» **ASSIGNMENT**
Only an exact copy of the lines from the one containing "セール対象アイテムについて" through the last line of the material below belongs in the answer, with no pictures.

» **RAW DATA**

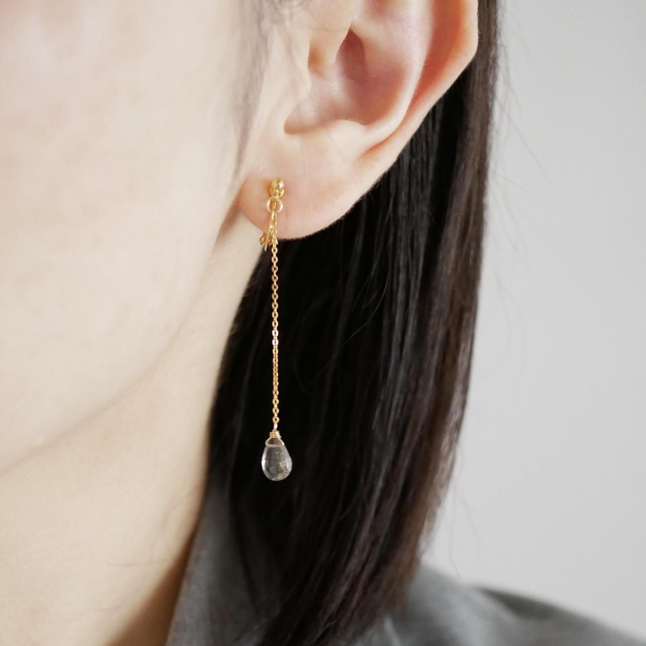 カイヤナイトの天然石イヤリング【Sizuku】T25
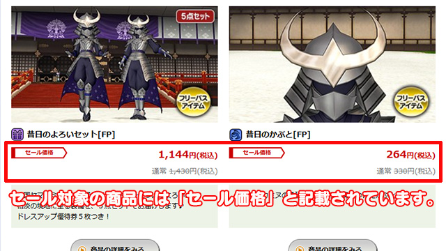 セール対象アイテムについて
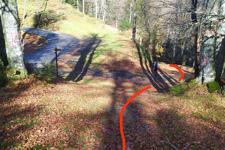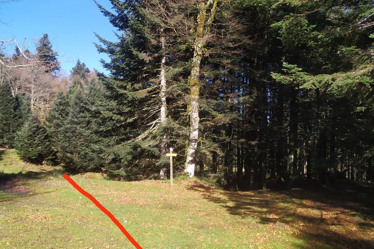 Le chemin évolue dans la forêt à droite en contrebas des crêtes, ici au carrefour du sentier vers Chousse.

» **EXERCISE RESPONSE**
 セール対象アイテムについて
 Le chemin évolue dans la forêt à droite en contrebas des crêtes, ici au carrefour du sentier vers Chousse.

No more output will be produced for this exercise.